This work addresses the prevalent issue of low parameter utilization in large models during both training and inference, which often leads to a trade-off between performance and efficiency. To overcome this limitation, the authors propose a recursive Transformer architecture that reuses parameters recursively to progressively refine multimodal representations and enable on-demand computation—without increasing model size. The approach incorporates modality-specific projections and recursive connectors to effectively fuse cross-step features while preserving modality-specific characteristics. Additionally, a monotonic recursive loss function is introduced to guarantee consistent performance improvement with increasing recursion depth. Experimental results demonstrate that the proposed method outperforms the standard Transformer by 3% and improves upon baseline recursive models by 7%, achieving efficient, flexible, and high-performing multimodal modeling.

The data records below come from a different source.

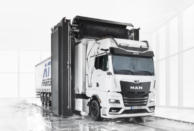 Large fleets require fast and effective washing technology, adds the company: the big challenge is performing a complete wash on the front, side, roof, and rear surfaces of the vehicle in order to minimise operating costs within a short wash time.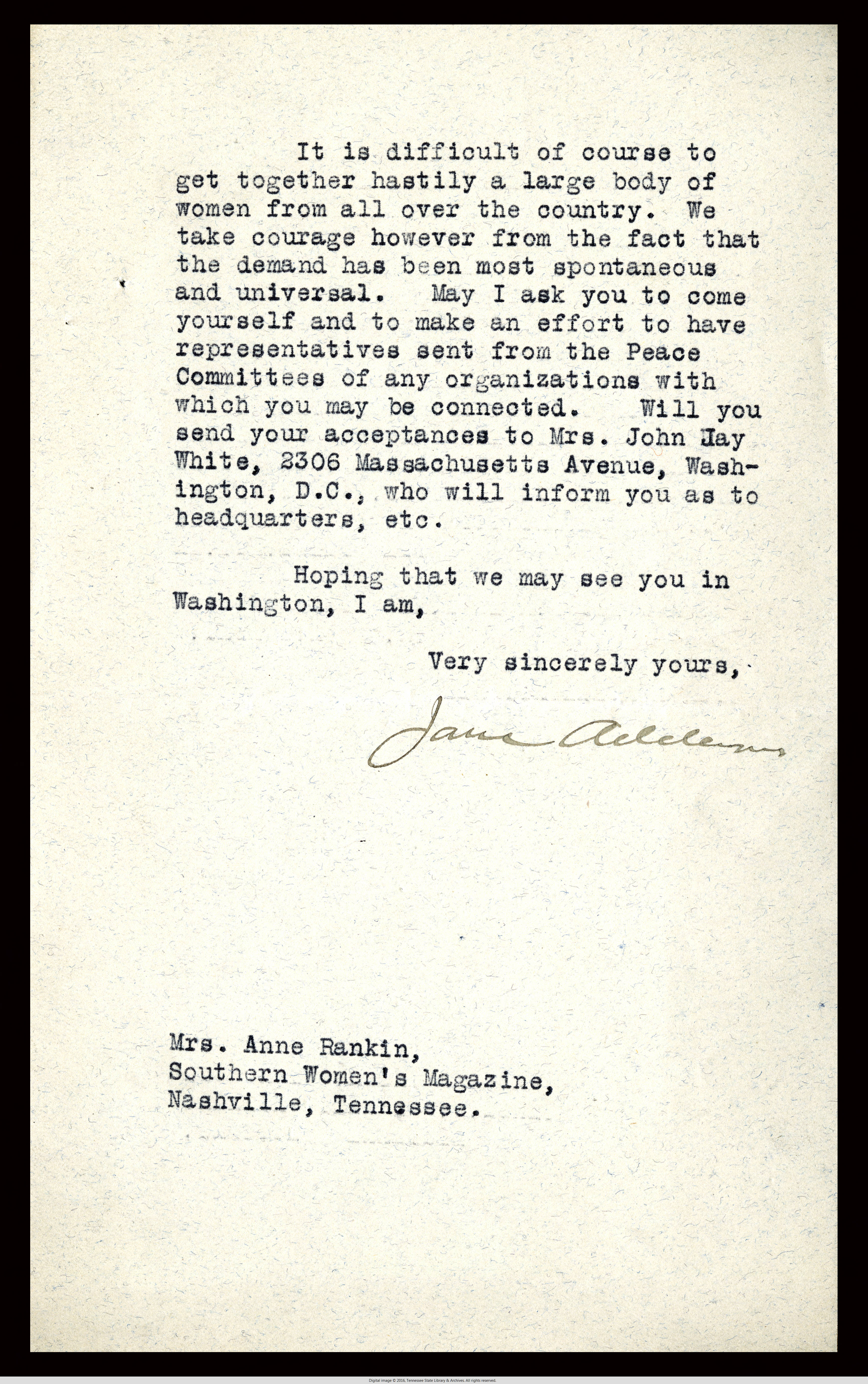 It is difficult of course to get together hastily a large body of women from all over the country. We take courage however from the fact that the demand has been most spontaneous and universal. May I ask you to come yourself and to make an effort to have representatives sent from the Peace Committees of any organizations with which you may be connected. Will you send your acceptances to Mrs. John Jay White, 2306 Massachusetts Avenue, Washington, D.C., who will inform you as to headquarters, etc.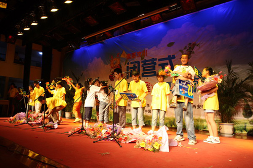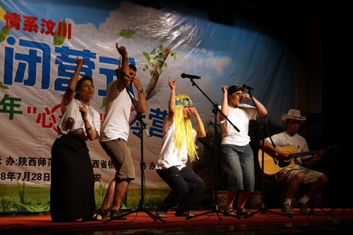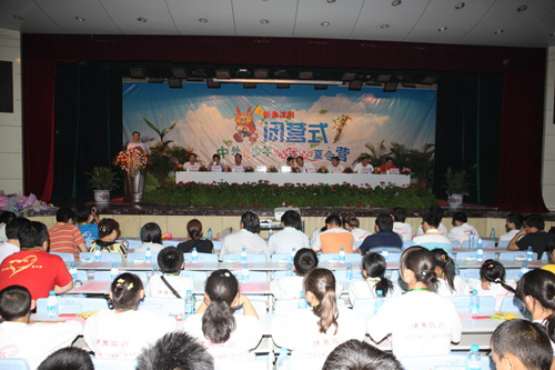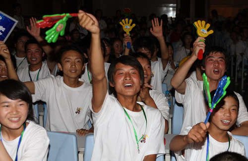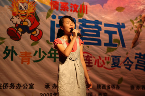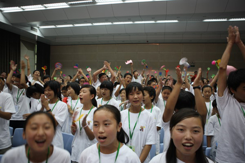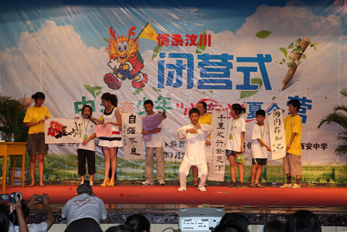 7月28日下午,由国务院侨务办公室主办,陕西师范大学与陕西省侨办承办的“情系汶川—中外青少年‘心连心’夏令营”在陕西师范大学雁塔校区积学堂隆重举行闭营仪式。国侨办文宣司副司长雷振刚、省侨办主任张宝文、陕西师范大学党委书记江秀乐,来自四川、重庆、甘肃、陕西等地震灾区的450名中小学生营员和50名带队教师,与在陕西学习的外国留学生齐聚积学堂,共同庆祝夏令营的圆满成功。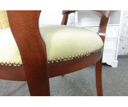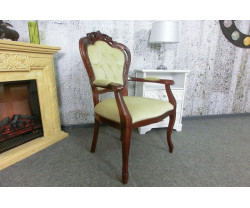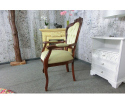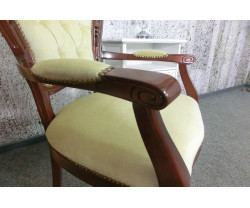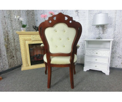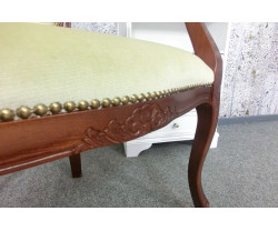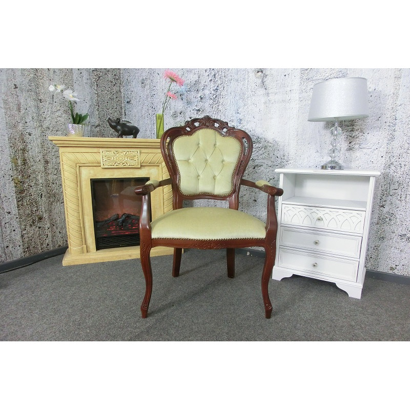 Dovezené z Nemecka, vyrobené v Taliansku, rozmery: Š63xH49xV107cm, výška sedu 50cm, šírka sedu 48cm, hĺbka sedu 45cm, výška opierky chrbta 60cm, materiál čalúnenia jemná a odolná látka 70% polyester a 30% bavlna vo farbe bežovej, bukový rám a nohy lakované v dekore orech s jemnými ručne vyrezávanými akcenty, vlnovcové oceľové pružinové jadro + pevný pohodlný priedušný pur, elegantný bronzové nitovanie, krásna replika dobového nábytku, ľahká údržba, výrobca Domus Mobili Italy.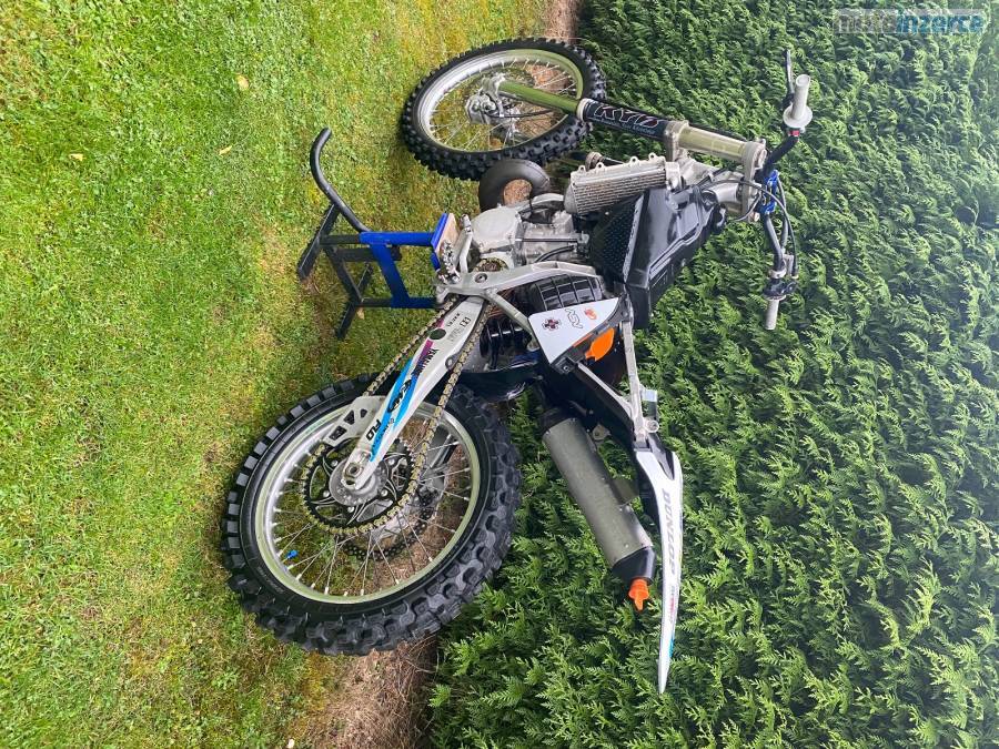 Klemy 28mm s řídítky pro taper, zesílené stupačky, zalamovací páčky, náhradní radička, zesílené duše, pomocník startů, na moto celý kyt Polisport 24 25, nádrž, airbox, sedačka, všechny plasty.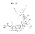 Directing attention now toFIGS. 12-24, a third embodiment of the present invention generally identified by the reference numeral300 is shown. It will be observed thatFIGS. 12-15 show only one side of the exercise apparatus300 for clarity of illustration. Aframe399 rotatably supports acrank disk310 atcrank axle315. Ahandle bar rocker340 is rotatably connected to afront stanchion398 of theframe399 atshaft341. Ahandle bar342 is rigidly connected to thehandle bar rocker340. A lower distal end of thehandle bar rocker340 is rotatably connected to a forward distal end oflongitudinal foot member320 atshaft343. Afoot platform322 is rigidly connected to thefoot member320. Acrank roller336 is rotatably secured to a crankshaft333, and supports thefoot member320. Thecrank roller336 is generally in rolling contact with arace321 of thefoot member race320.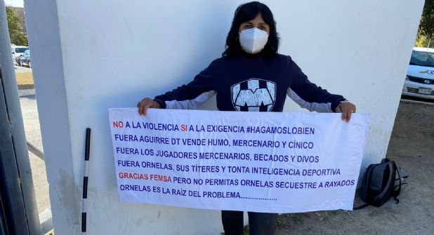 "No a la violencia, sí a la exigencia. #HagámosloBien. Fuera Aguirre, DT vende humo, mercenario y cínico. Fuera los jugadores mercenarios, becados y divos. Fuera Ornelas, sus títeres y tonta inteligencia deportiva. Gracias FEMSA, pero no permitas Ornelas secuestre a Rayados. Ornelas es la raíz del problema", redactó en la pancarta.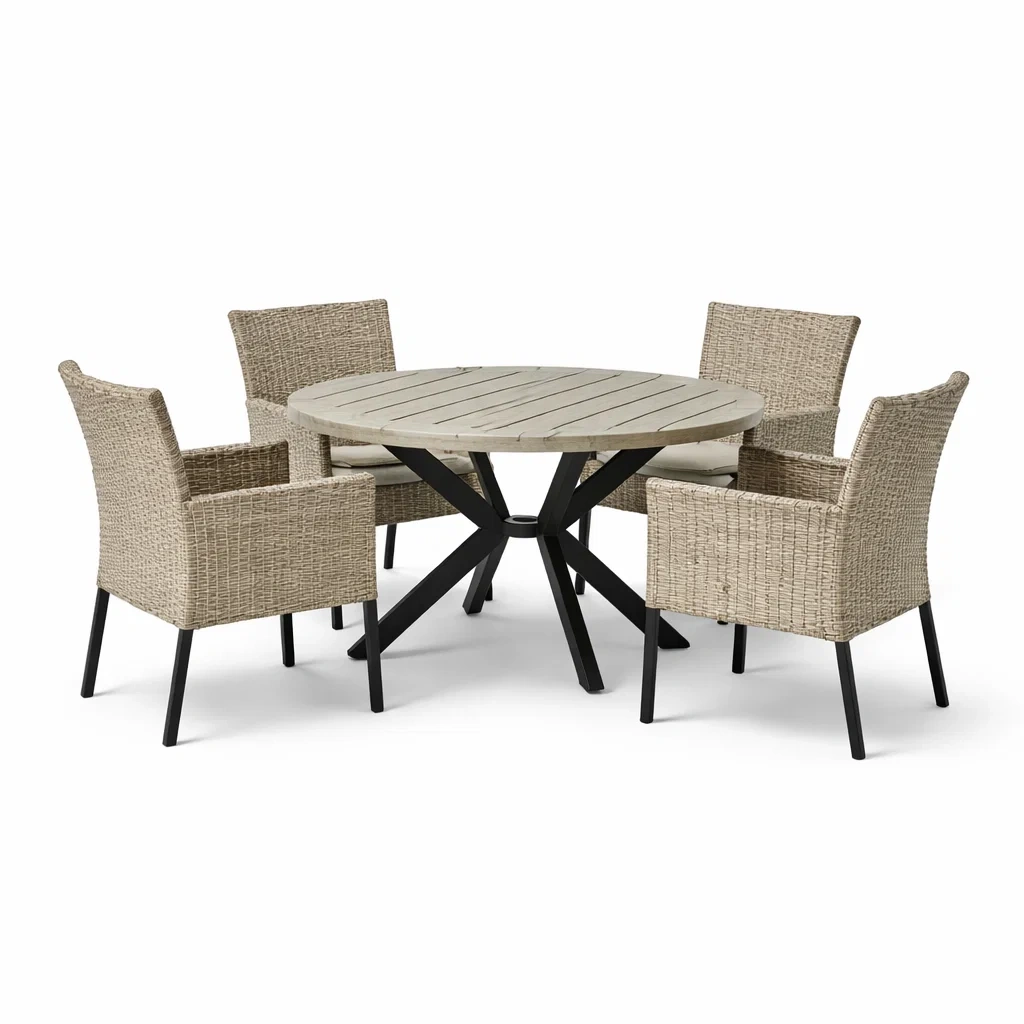 Set tavolo e sedie da esterno in legno e rattan sintetico con tavolo rotondo

Large Multimodal Models (LMMs) have achieved remarkable success in vision-language tasks, yet their vast parameter counts are often underutilized during both training and inference. In this work, we embrace the idea of looping back to move forward: reusing model parameters through recursive refinement to extract stronger multimodal representations without increasing model size. We propose RecursiveVLM, a recursive Transformer architecture tailored for LMMs. Two key innovations enable effective looping: (i) a Recursive Connector that aligns features across recursion steps by fusing intermediate-layer hidden states and applying modality-specific projections, respecting the distinct statistical structures of vision and language tokens; (ii) a Monotonic Recursion Loss that supervises every step and guarantees performance improves monotonically with recursion depth. This design transforms recursion into an on-demand refinement mechanism: delivering strong results with few loops on resource-constrained devices and progressively improving outputs when more computation resources are available. Experiments show consistent gains of +3% over standard Transformers and +7% over vanilla recursive baselines, demonstrating that strategic looping is a powerful path toward efficient, deployment-adaptive LMMs.